EXTRACTED MATERIAL:
*-*-*
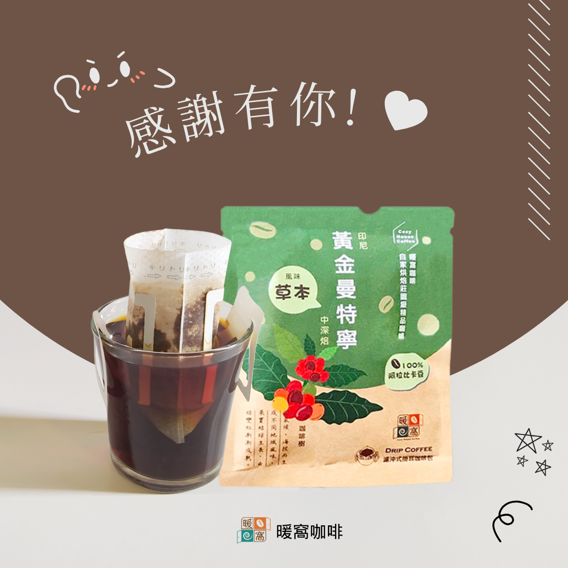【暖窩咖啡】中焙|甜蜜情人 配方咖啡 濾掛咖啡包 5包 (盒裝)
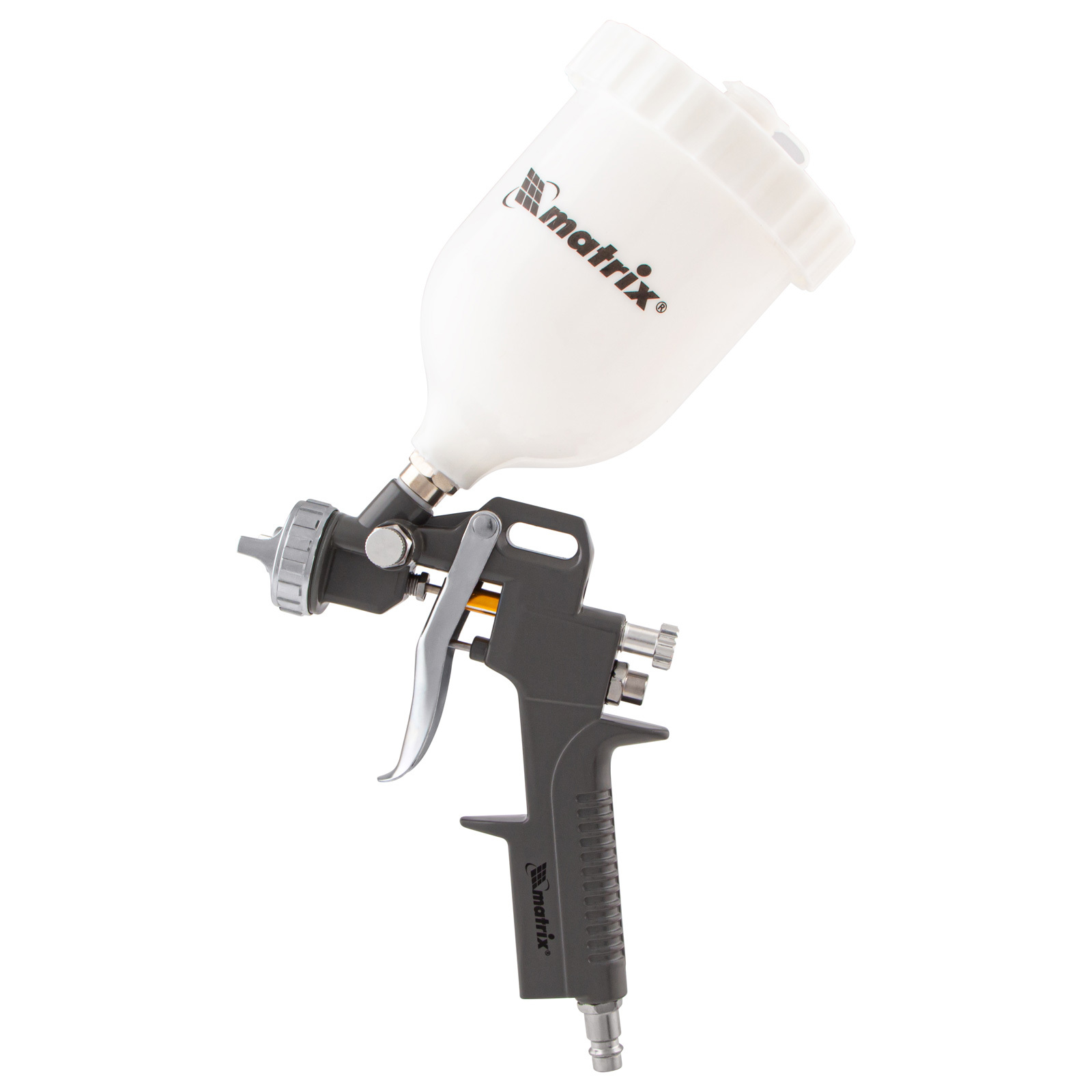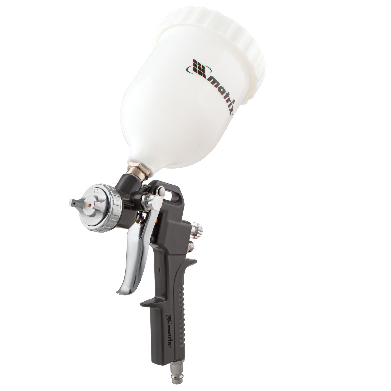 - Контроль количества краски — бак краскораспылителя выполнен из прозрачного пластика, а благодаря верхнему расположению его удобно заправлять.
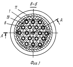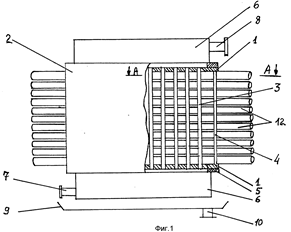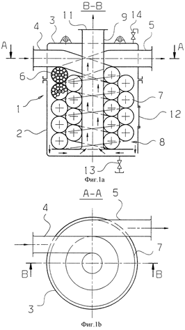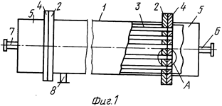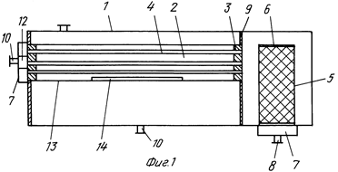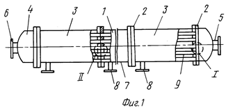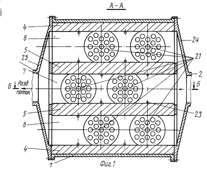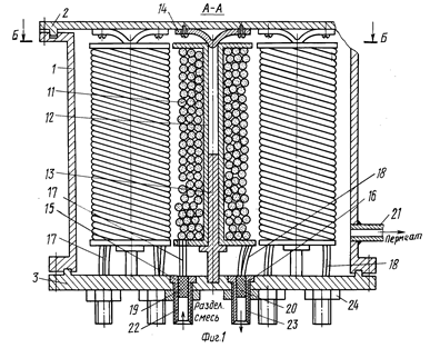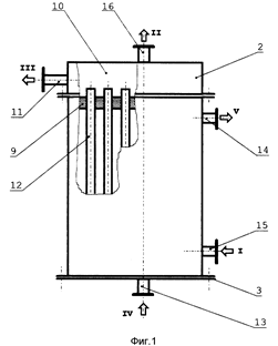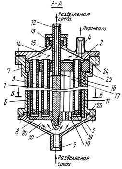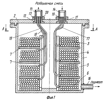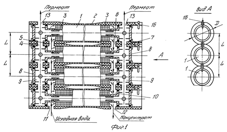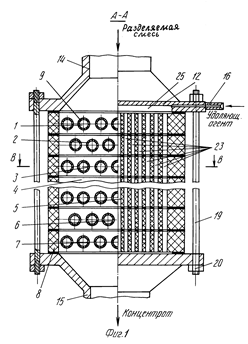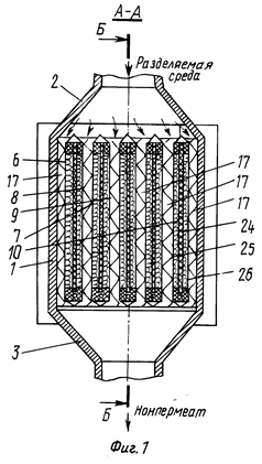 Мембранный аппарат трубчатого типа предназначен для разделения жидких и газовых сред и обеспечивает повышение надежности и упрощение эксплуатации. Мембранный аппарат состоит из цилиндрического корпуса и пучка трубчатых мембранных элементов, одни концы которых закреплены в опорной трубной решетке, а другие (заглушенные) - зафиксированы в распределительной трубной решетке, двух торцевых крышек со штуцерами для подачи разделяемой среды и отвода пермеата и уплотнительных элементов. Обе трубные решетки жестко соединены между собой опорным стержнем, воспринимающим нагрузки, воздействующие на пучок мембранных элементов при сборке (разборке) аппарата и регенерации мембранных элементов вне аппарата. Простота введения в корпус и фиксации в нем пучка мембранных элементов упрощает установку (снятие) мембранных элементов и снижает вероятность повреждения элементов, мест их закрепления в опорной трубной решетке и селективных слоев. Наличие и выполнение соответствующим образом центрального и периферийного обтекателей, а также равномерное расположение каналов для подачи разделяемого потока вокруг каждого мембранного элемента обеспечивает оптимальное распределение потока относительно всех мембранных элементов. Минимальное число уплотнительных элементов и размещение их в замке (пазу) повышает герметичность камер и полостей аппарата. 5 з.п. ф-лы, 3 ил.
*-*-*
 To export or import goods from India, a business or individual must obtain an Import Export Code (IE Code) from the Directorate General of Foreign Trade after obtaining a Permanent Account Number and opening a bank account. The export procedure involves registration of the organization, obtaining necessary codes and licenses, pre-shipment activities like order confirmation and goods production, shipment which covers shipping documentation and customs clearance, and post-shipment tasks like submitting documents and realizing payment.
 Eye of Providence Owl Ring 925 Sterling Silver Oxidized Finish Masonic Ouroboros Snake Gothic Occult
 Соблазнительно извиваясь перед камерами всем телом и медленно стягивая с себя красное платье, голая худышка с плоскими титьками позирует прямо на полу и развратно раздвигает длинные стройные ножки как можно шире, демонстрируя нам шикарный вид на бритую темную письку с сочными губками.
*-*-*
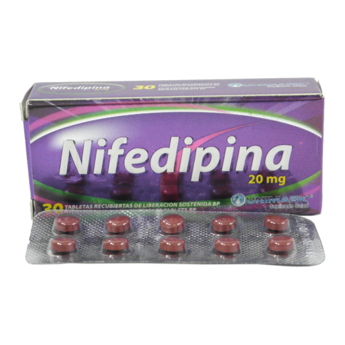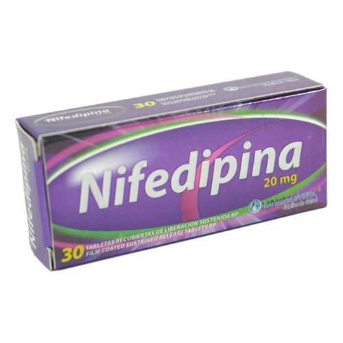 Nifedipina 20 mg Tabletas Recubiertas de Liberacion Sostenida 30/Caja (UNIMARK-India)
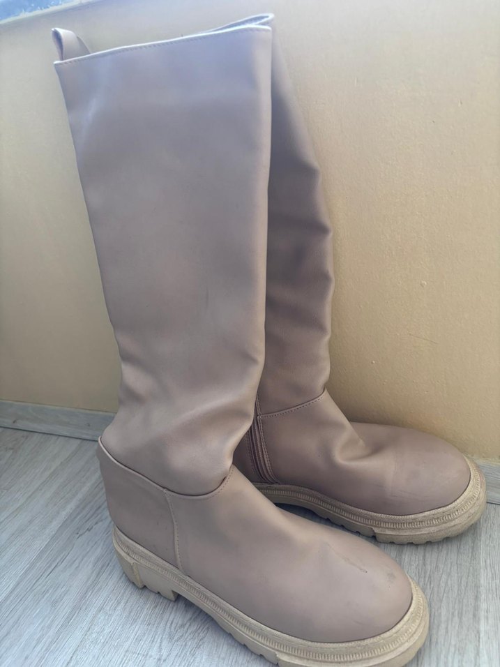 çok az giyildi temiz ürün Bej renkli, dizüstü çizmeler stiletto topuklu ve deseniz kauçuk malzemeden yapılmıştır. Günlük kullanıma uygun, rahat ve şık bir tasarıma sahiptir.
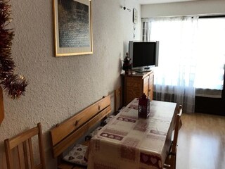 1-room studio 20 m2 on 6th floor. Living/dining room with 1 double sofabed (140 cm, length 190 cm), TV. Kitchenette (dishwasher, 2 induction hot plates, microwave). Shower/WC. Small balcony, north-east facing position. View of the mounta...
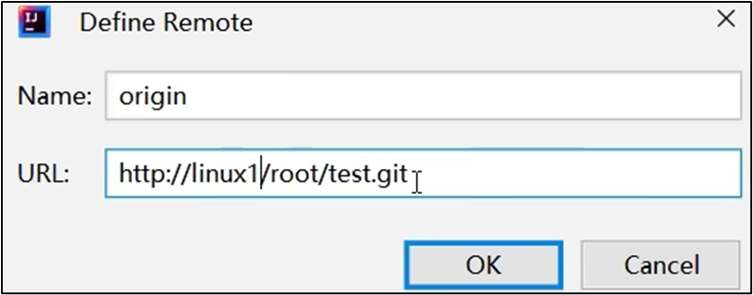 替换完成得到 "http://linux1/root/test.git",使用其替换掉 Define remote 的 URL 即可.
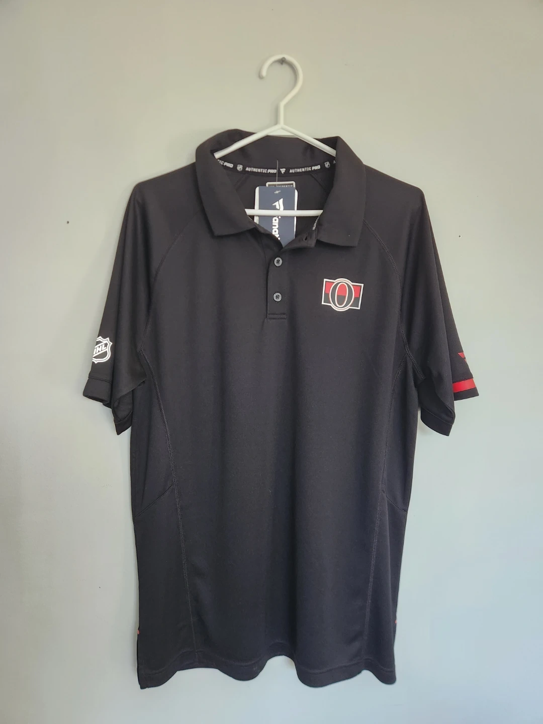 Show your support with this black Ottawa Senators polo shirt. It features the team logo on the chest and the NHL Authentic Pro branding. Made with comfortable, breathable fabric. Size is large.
*-*-*
WHAT YOU HAVE TO DO: Everything starting at the line containing "Eye of Providence" and ending at the line containing "Соблазнительно извиваясь перед" in the records above should be repeated exactly, and only that.

YOUR SOLUTION:
 Eye of Providence Owl Ring 925 Sterling Silver Oxidized Finish Masonic Ouroboros Snake Gothic Occult
 Соблазнительно извиваясь перед камерами всем телом и медленно стягивая с себя красное платье, голая худышка с плоскими титьками позирует прямо на полу и развратно раздвигает длинные стройные ножки как можно шире, демонстрируя нам шикарный вид на бритую темную письку с сочными губками.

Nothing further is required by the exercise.